In der Nacht zum Donnerstag weitet sich der Langwellentrog über Westeuropa weit
südwärts aus und bis zum Morgen etabliert sich ein neues Drehzentrum über der
Irischen See. Auf der Vorderseite fällt der Druck weiter und daraus resultieren
gleich zwei Tiefs, wovon eines am Morgen über Südostengland zu liegen kommt, das
andere an der Irischen Südküste. In der Höhe gelangen wir dabei auf die
diffluente Vorderseite des westlichen Teils des Langwellentroges und bodennah
beeinflusst dann das Englandtief unser Windfeld. Damit drehen die zunächst
schwachen Winde von West auf Südost und leben vor allem im westlichen Bergland
schon ausgangs der Nacht etwas auf. Das okkludierte Frontensystem erreicht den
Westen Deutschlands aber noch nicht. Vielmehr sorgen die Okklusionsreste über
der Mitte Deutschlands noch für etwas Niederschlagsgeplänkel und vor allem über
der See reicht die Labilität noch für ein paar Schauer. Wolkenauflockerungen
gibt es dagegen im Süden, wo es auch schwach föhnig wird. Auch über dem Land
zwischen den Meeren gibt es einige Auflockerungen. Dort kann es gebietsweise zu
leichtem Bodenfrost reichen, kaum aber zu Luftfrost. Im kontinental geprägteren
Süden wird - zumindest in Alpennähe - auch in 2 m Höhe hier und da die
Temperatur unter den Gefrierpunkt sinken. Ansonsten können sich in den
Auflockerungsgebieten in Anbetracht der feuchten Luft und des schwachen Windes
auch Nebelfelder bilden.
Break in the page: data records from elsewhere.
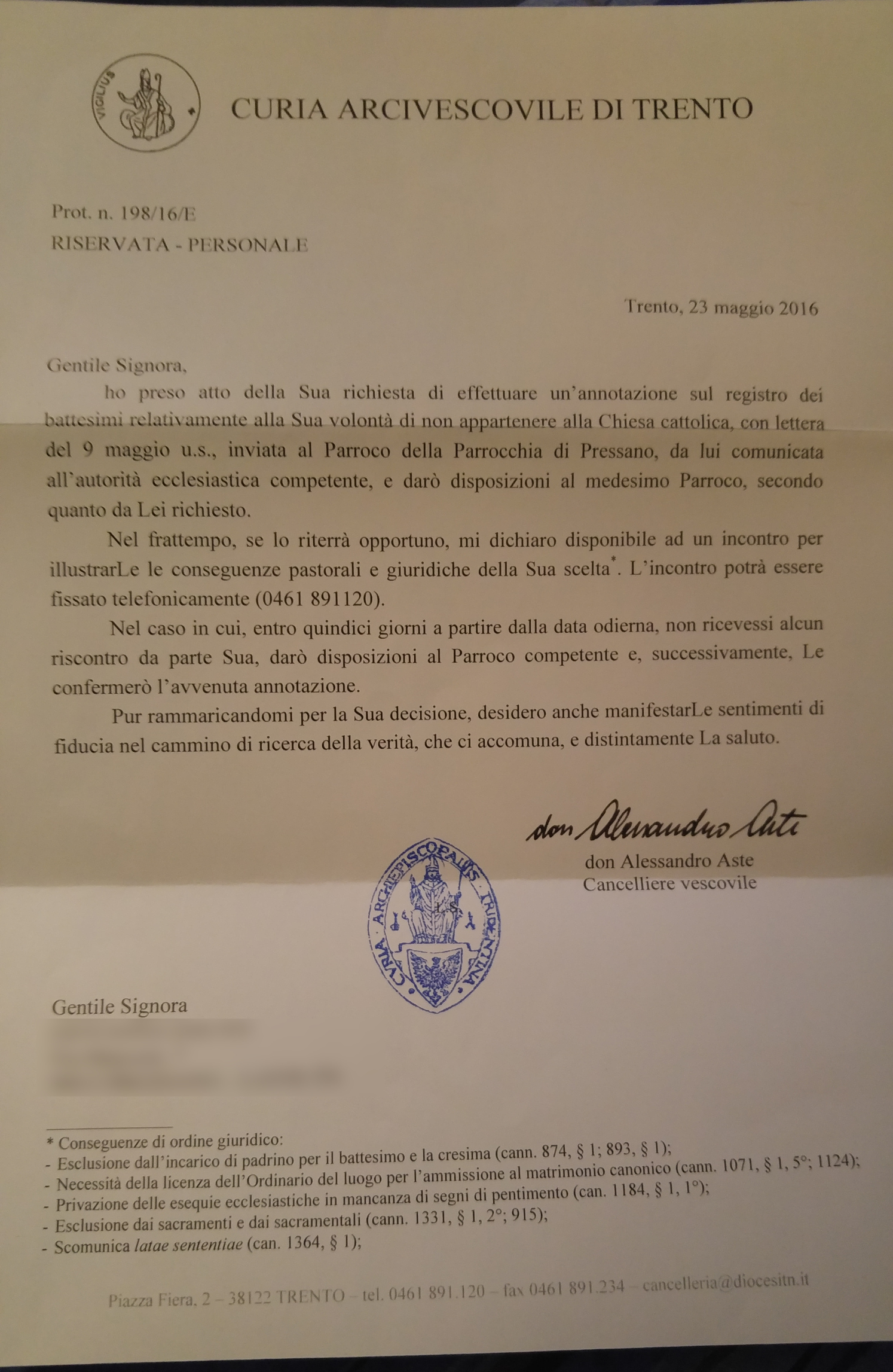 Una persona ha chiesto la rettifica dei dati relativi al proprio battesimo avvenuto a Parrocchia di San Felice da Nola - LAVIS (TN) il 23/05/2016, dichiarando di non voler più far parte della Chiesa Cattolica.
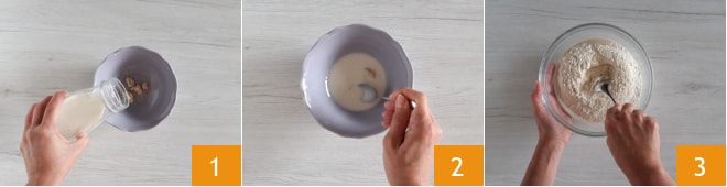 Pour préparer les gressins au chocolat, commencez par la pâte. Émiettez la levure de bière et dissolvez-la dans 30 g de lait prélevés de la quantité totale 1 2. Versez la farine dans un bol 3.
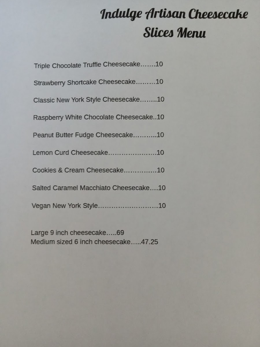 Indulge Artisan Cheesecake offers a menu that feels inviting and thoughtfully crafted, perfect for those moments when you want to enjoy a comforting yet distinctive dessert or a casual breakfast. The selection leans heavily on rich, satisfying cheesecake slices with an emphasis on gluten-free options, ideal for anyone seeking indulgence without compromise.
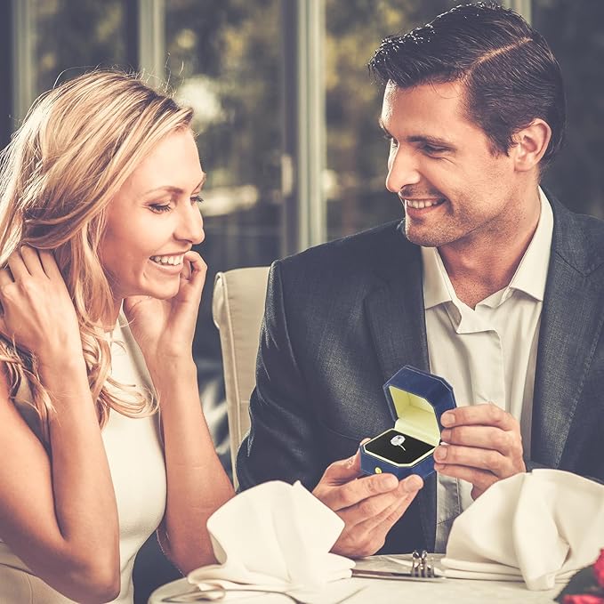 - Premium Quality Materials - The ring box for proposal made from high-quality velvet, this jewelry box offers a soft, smooth, and comfortable feel while protecting your jewelry from any wear and tear. The unique octagonal design and luxurious hot-stamped pattern make this box a perfect display case for your precious rings, earrings, and other accessories.
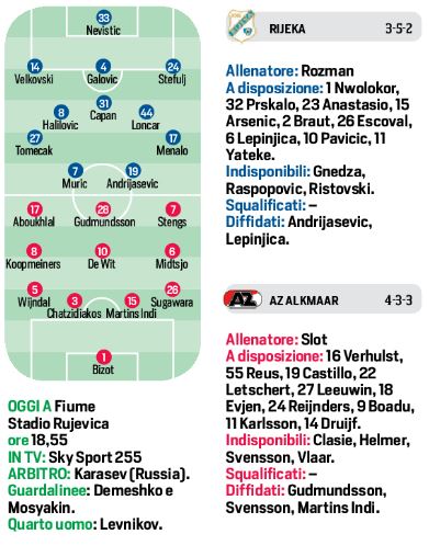 Questa sera alle ore 18,55 i padroni di casa del Rijeka, cercheranno un altro risultato di prestigio, dopo il pareggio contro la Real Sociedad, contro l’Az Alkmaar. I croati giocheranno con il 3-5-2, dove punteranno tutto su Muric, Loncar, Menalo e Andrijasevic. Gli olandesi, reduci dalla sconfitta in campionato contro il Groningen, invece schiereranno il 4-3-3 dove Aboukhal, Gudmunsson e Stengs dovranno fare la differenza in zona gol. Ovviamente occhio al risultato di Napoli-Real Sociedad, dove l’Az tiferanno per gli azzurri di Gattuso.
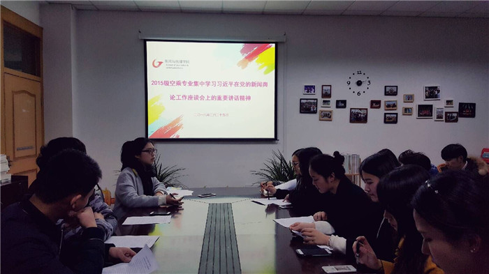 党的十八大以来,以习近平同志为核心的党中央高度重视党的新闻舆论工作。2月19日,习近平总书记来到人民日报社、新华社、中央电视台等中央主要新闻媒体视察调研,随后亲自主持召开党的新闻舆论工作座谈会并发表重要讲话。为深入学习领会习近平总书记重要讲话精神,2月25日晚,在辅导员老师张珺琢的带领下,2015级空乘专业的班委同学在学院三楼会议室集中学习了习近平在党的新闻舆论工作座谈会上的重要讲话精神。

In den bewölkten Regionen wird es mitunter im höheren
Bergland ziemlich trüb.

Am Donnerstag ... stößt der westliche Teil des Langwellentroges weiter nach
Südosten vor und wird der dominierende Teil des gesamten Trogsystems. Über
Deutschland nimmt die weiterhin diffluente Höhenströmung an Stärke zu und am
Nachmittag schwenkt ein markanter Kurzwellentrog über dem Westen Deutschland
nordwärts. Das östliche Bodentief verlagert dabei seinen Schwerpunkt über
Südostengland hinweg zur westlichen Nordsee. Der Wind weht dabei über
Deutschland weiterhin aus Südost, im Westen dreht er nach Durchgang der
Okklusion auf Süd bis Südwest. Dabei frischt er im Westen noch etwas auf, so
dass es im westlichen Bergland gebietsweise zu steifen Böen kommen kann, in
exponierten Lagen auch zu stürmischen Böen. Auf dem Brocken können es auch
einzelne Sturmböen werden, auch in den Alpen verstärkt sich der Föhn noch etwas,
so dass zumindest in Hochlagen mit Sturmböen zu rechnen ist. Die oben schon
erwähnte Okklusion kommt von Südwesten her in etwa bis zur Landesmitte voran und
sorgt für leichte Regenfälle, die nach Osten hin immer schwächer werden, da die
Front von KLA überlaufen wird. Vor allem im Nordwesten ist der Hebungsantrieb
durch den Kurzwellentrog etwas stärker, dort können vielleicht um die 5 l/qm
zusammenkommen. Richtung Südosten zeigt sich nach Nebelauflösung sogar mal
länger die Sonne, vor allem im föhnig aufgeheiterten Alpenvorland. Allerdings
bricht mit Aufzug der Okklusion und Winddrehung auf West der Föhn am Nachmittag
von Westen her auch schon wieder zusammen. Die etwas kältere Luft aus dem Norden
wird wieder abgedrängt, zudem sorgt der Wind für etwas Durchmischung, so dass
die Temperatur im Vergleich zu heute etwas höher liegen wird.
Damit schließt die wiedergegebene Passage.